These days are fun yet hectic. Rachel is doing great — she’ll be 4 months old in a couple of days and she’s giggly and smiley and already popping out teeth (teething at 3 months is CRAZY, by the way). Josh is almost 23 months and is and putting words together for the first time. He can be found with his nose in a book and a train piece in one hand at almost all times. It is a delight to see them both growing and learning new tricks! But lest you think it’s all roses– our days also involve lots of screaming. So yes, it is fun and there is much laughter– but there is also much screaming too.
In light of this busy season, I have often wondered “How can I be serving others? How can I help out at church? What can I be doing to be a blessing?” The truth of the matter is that it’s a small feat just to make it to the grocery store, let alone church. With a small baby in tote who nurses often, there aren’t really any practical places for me to be able to serve at church right now (which really makes me feel like a consumer). Josh also depends heavily on routine and schedule, and not adhering to his routine for too long means a complete meltdown (which happened in an extended version on Christmas day). All this is to say is that the bulk of my ministry these days is at home– loving my kids and my husband. I know many women who have several more kids than me, who home school and serve outside of the home in multiple capacities– and they are amazing! But that is not me. I’m being stretched thin these days just by getting dinner on the table and both kids bathed before bedtime.
Blogger Melissa over at yourmomhasablog.com encouraged me today with her post about how stay at home moms can serve God. She writes that the stay at home mom has the strange occupation of simply being there. (I’ve been mulling this over as I grew up with a mom who was also “there” (even though she worked a lot from home) and the positive impact that just having her around (to keep tabs on me, or for me to ask her questions, etc) had on me.) Melissa encourages those who feel like they aren’t even very good homemakers to see that all the work they’re doing at home for their kids and husbands are being done for the Lord– that He is their boss. She writes “We’re doing these things, yes laundry and the whole shebang, because God has given us this job, this calling of being there, and we owe Him everything. So, we serve Him with our presence in the home.” She also offers several small ways we can serve the Lord, merely by being obedient to His Word and the overflow that such obedience brings. Some examples of this that she mentioned were as obvious as being a good friend to your husband– or as small as being kind and friendly to the employee at the grocery store. Lastly, she encourages women to focus on their chief purpose: To know God and enjoy Him forever. She encourages women not to get caught up so much in what they can or can’t do, but to focus on making every day an exercise to dwell in His presence. Amen to that!

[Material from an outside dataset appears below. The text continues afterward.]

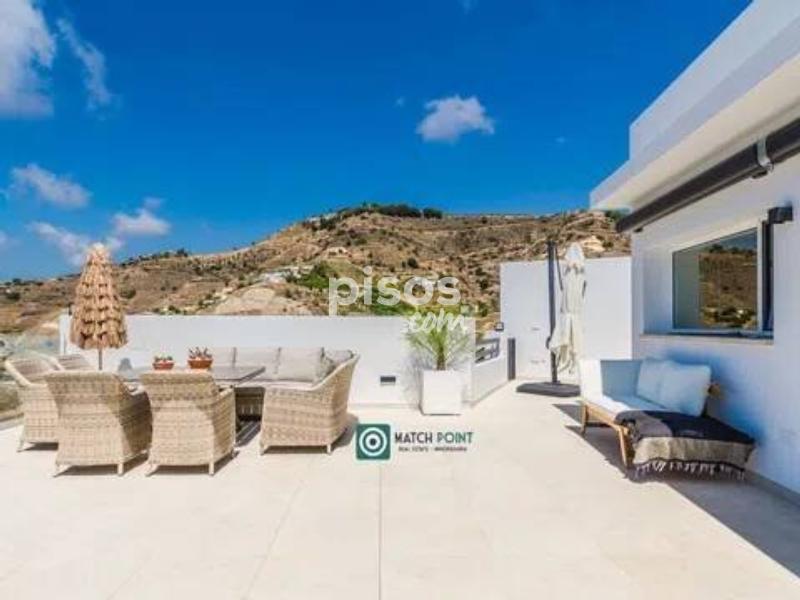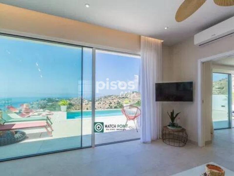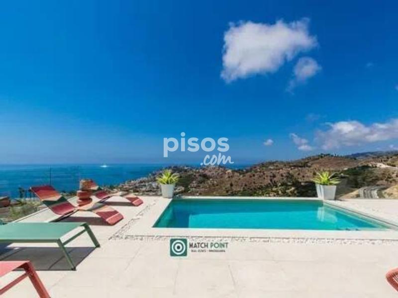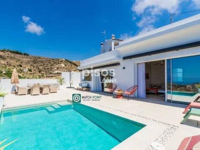 a cinco minutos del centro de Almuñécar y de las playas, en una zona residencial de muy facil acceso, comunicada a cinoc minutos de la autovia A7 que nos lleva a Granada capital en 40 minutos, a Malaga capital en 50, a la estacion de sky en 90 minutos etc se ubica esta preciosa casa recien construida, a estrenar de dos plantas. En la primera planta domina y destaca la espectacular terraza y su piscina, con unas vistas increibles, donde disfrutara de amaneceres y anocheceres de pelicula, por su orientacion sur, con sol todo el dia y unas vistas nocturnas de postal En esta planta tambien tenemos el salon, la cocina y uno de los dos dormitorios en suite, con salida directa a la terraza. En la planta baja tenemos el otro domritorio tambien en suite, con vistas al horizonte, donde disfrutar de esos amaneceres desde la cama. una propiedad excepcional para pasar el invierno, solo disponible de septiembre a junio, teletrabajar o pasar una temporada de absoluto relax. Disponible en alquiler desde Septiembre hasta Junio 2027. No se alquila todo el año.

My whole life has been geared on getting good grades in school and being in such a place so that I could choose any career I wanted. And I’m glad I chose nursing — it has been a wonderful choice, full of hard work and promoting good critical thinking skills. But not much of my life has prepared me for the challenges of being a mother. I have relied heavily on my older sister (in a way, I’m really glad her kids are much older than mine so that I’ve been able to watch her parent so much) and my mother in this area, as I am oft in amazement in the jobs they have both done as mothers. Obviously, being a good nurse has always been important to me. But being a WISE mother trumps everything else, let alone my devotion to God and to my husband. And this is where the buck stops. As much as I miss not serving in more tangible ways outside of the home, for this season of life I can serve God by being in His presence and by serving my family. Showering others with the fruit of the Spirit (love, joy, peace, patience, kindness, goodness, faithfulness, gentleness, and self control). Speaking kind words and encouragement to others, or being a listening ear when needed. (Or, more realistically for this week: Not complaining even though we’re all sick, responding calmly to a toddler who’s just pitched his plate of food onto the floor, and being able to smile at a baby who screams with indignation when being put down in the baby swing for a while.)